One way they do this is through their Mobile Market. It is an outreach program where they go into communities such as senior housing sites to sell nutritious food on a sliding scale so it remains affordable to all including low-income individuals and families utilizing the Supplemental Nutrition Assistance Program (SNAP), the Electronic Benefits Transfer (EBT) system, or Farmers’ Market Nutrition Program coupons.

Another initiative is their USDA Farm to School Support Program, which is a collaborative project between FRESH, the Farm Fresh New London County  Schools, ACHIEVE New London County Coalition, and the New London County Food Policy Council. This summer they are delivering lunches on a daily basis to 20 sites throughout New London that include playgrounds and housing units.

“It’s kind of like the backpack program where kids are sent home from school with food in their backpacks,” Lerner says.

In the winter, they bring the food into the school cafeterias where it is served by the students to educate them about the merits of consuming healthy, locally grown produce.

“We are building a network to expand our outreach outside the city and county. We are looking to schools, teachers, and students as the epicenter of the change we are seeking and working through farm to school, which is a national effort to bring food education into the classroom and healthier foods into the cafeterias,” Lerner says. “We are also trying to promote youth leadership, youth empowerment, and local agriculture through school gardens and connecting farms to schools.”

In an effort to promote nutrition, unite communities through a sense of pride and stewardship, encourage local agriculture in general and within the urban environment, and to provide a resource for hands-on education, FRESH starts, supports, and maintains gardens throughout the city of New London in conjunction with other groups. Sixty raised beds are available for those interested in helping to transform dilapidated areas into vibrant, green spaces, while 45 beds are reserved for FRESH who uses them for educational purposes and food production. The gardens have also become gathering places not only for the gardeners themselves, but also for the community at large. A pavilion and wood fired pizza oven at FRESH’s Community Garden Center on the corners of Williams and Mercer Streets, inspires a natural dialog for potluck meals, workshops, and other educational opportunities.

“Experiential education is how we work.
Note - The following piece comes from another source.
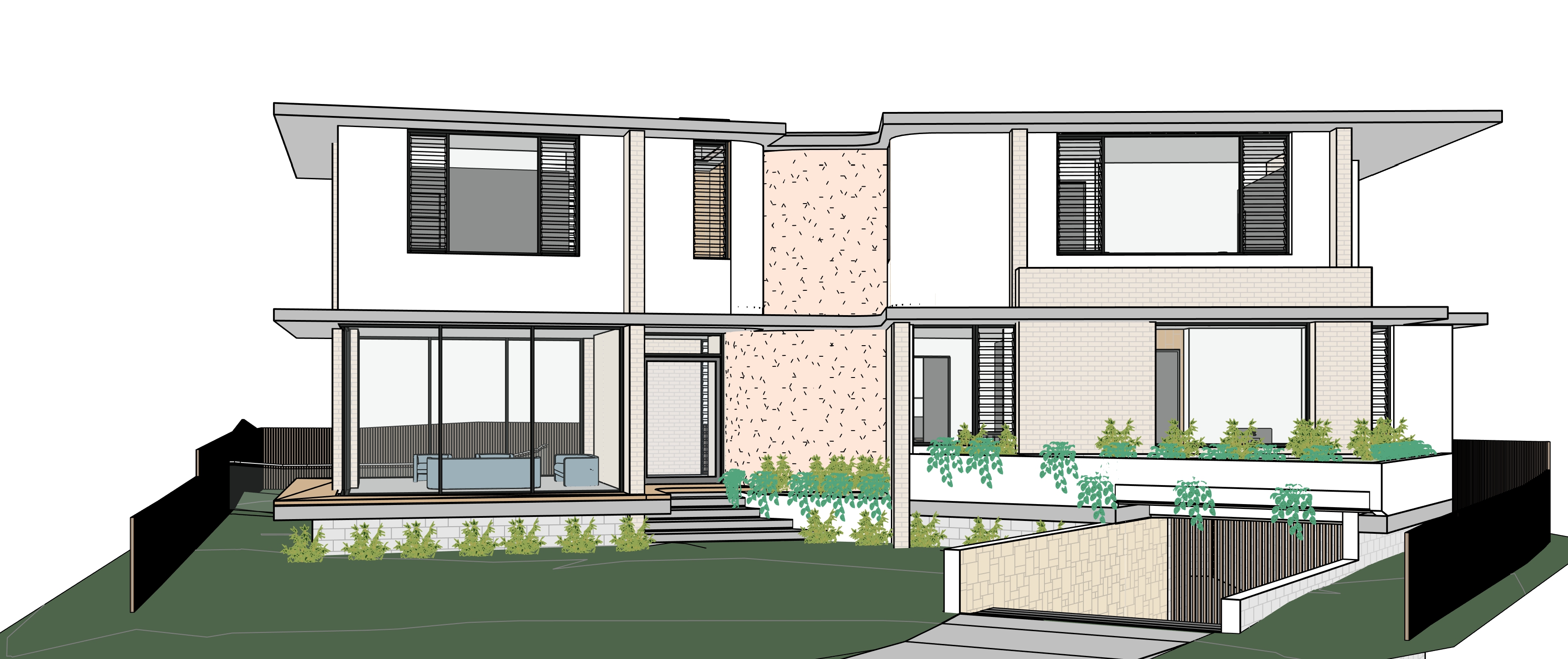 a modern two story house with a flat roof featuring large windows with black shutters the facade is a mix of white and pale beige bricks surrounded by lush green shrubs and plants the atmosphere is serene and sophisticated with a soft golden sunset light casting gentle shadows the grass is rich emerald green and the sky is a gradient of warm oranges and pinks the driveway and paths are light gray the overall mood is peaceful and inviting

Hearing about gardening, but actually working in the garden with your children, is quite a different thing,” Lerner says. “When kids come to the FRESH Food Program, they usually come in with some interest but not a lot of knowledge about it. We want to build the relevancy of this and have young people understand how this connects to them personally, at a local level, and globally, in terms of the planet and their own lives.”
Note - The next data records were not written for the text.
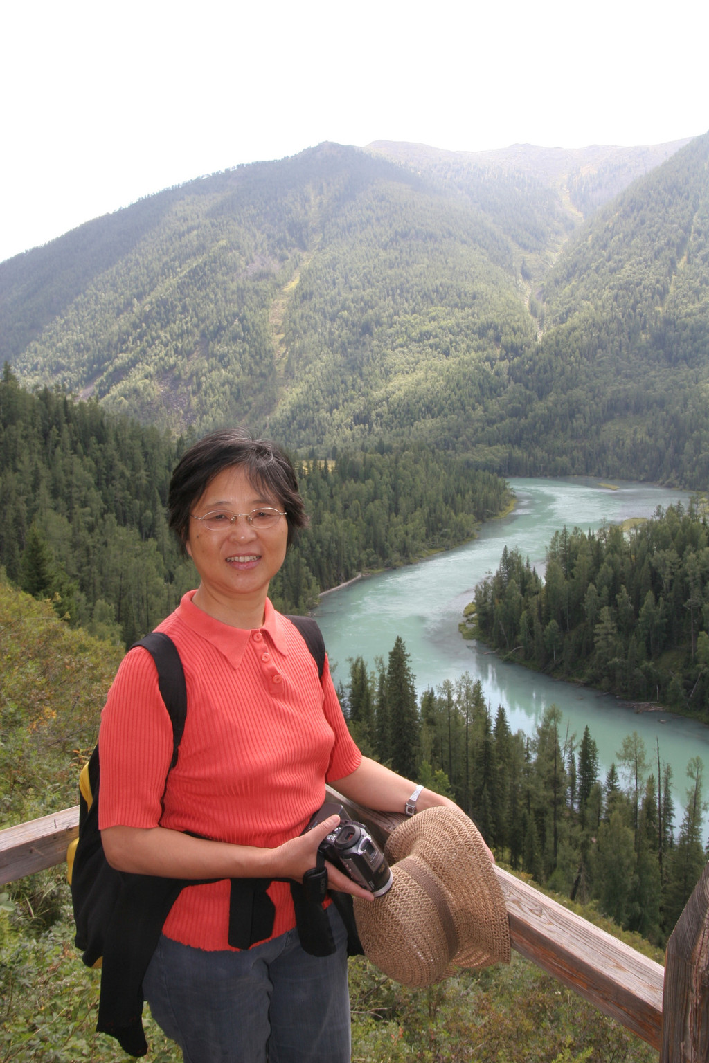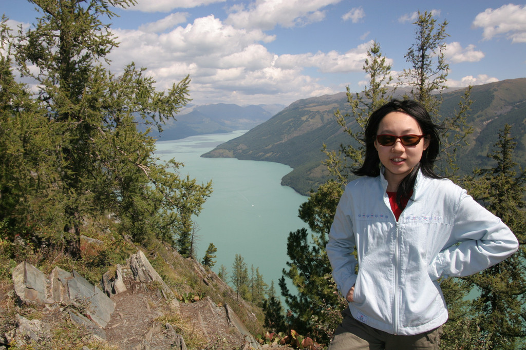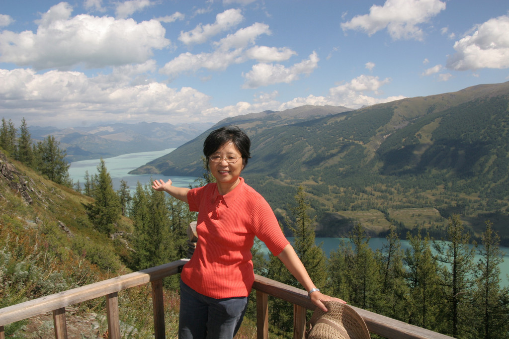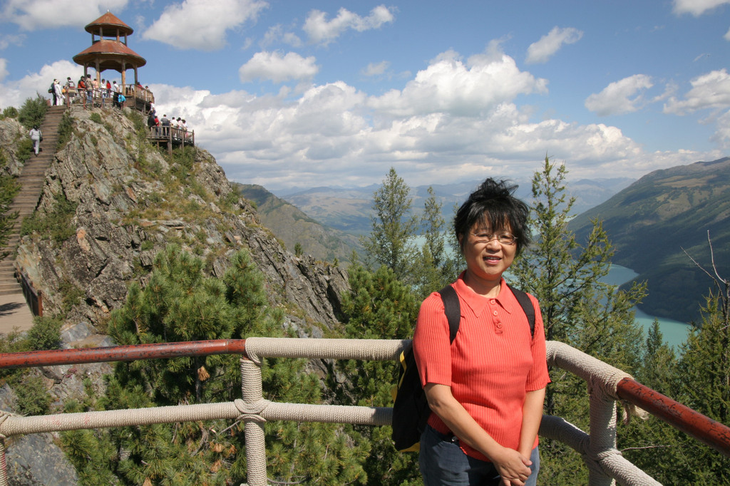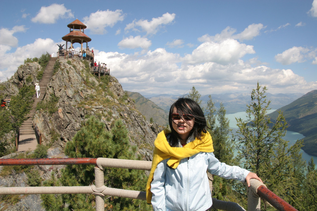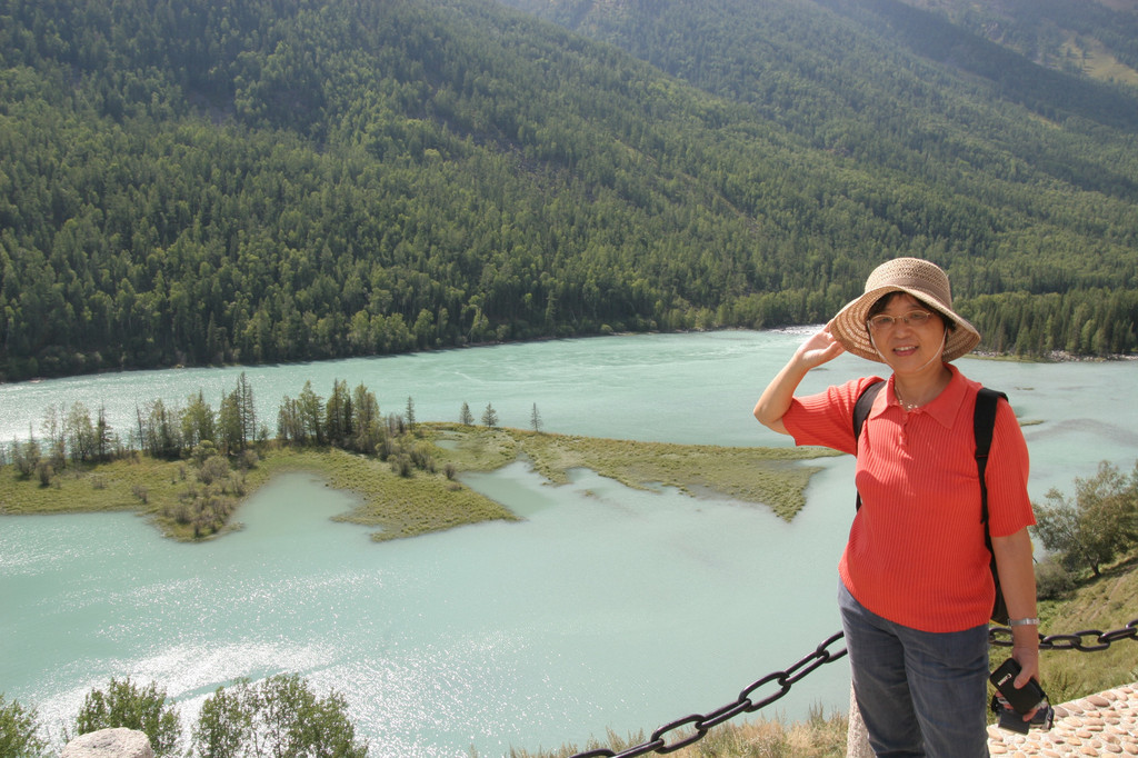 由于时间关系,在“观鱼亭”我们呆了十几分钟,从各个角度拍了一些照片,爬了半个多小时的山,就是为了一睹喀纳斯湖的风采。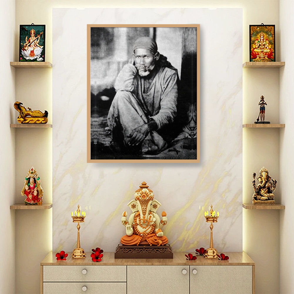 The photograph of Shirdi Sai Baba sitting on a stone with his right leg crossed over his left knee is one of the most widely recognized images of him.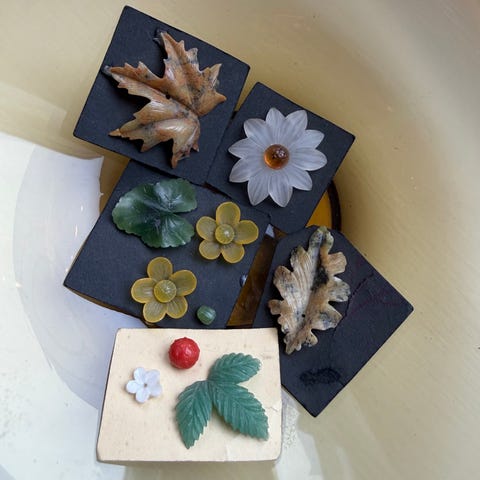 1) blomster i sart grøn/rosa med to hvide perler - en i hver blomst. Købt hos Tenerife Pearls (kendt for deres ferskvandsperler).

Although FRESH New London is a local organization, they are working towards a global movement that encompasses health, food justice and security, and ecological balance. “It involves a resurgence of small local agriculture and recognizes that environmental degradation often impacts people who have already been marginalized economically and politically. It strives to reconnect people to the natural world and to each other in order to build a food system that is built on stewardship: stewardship of ourselves, stewardship of our communities, and stewardship of the natural world,” concludes Lerner.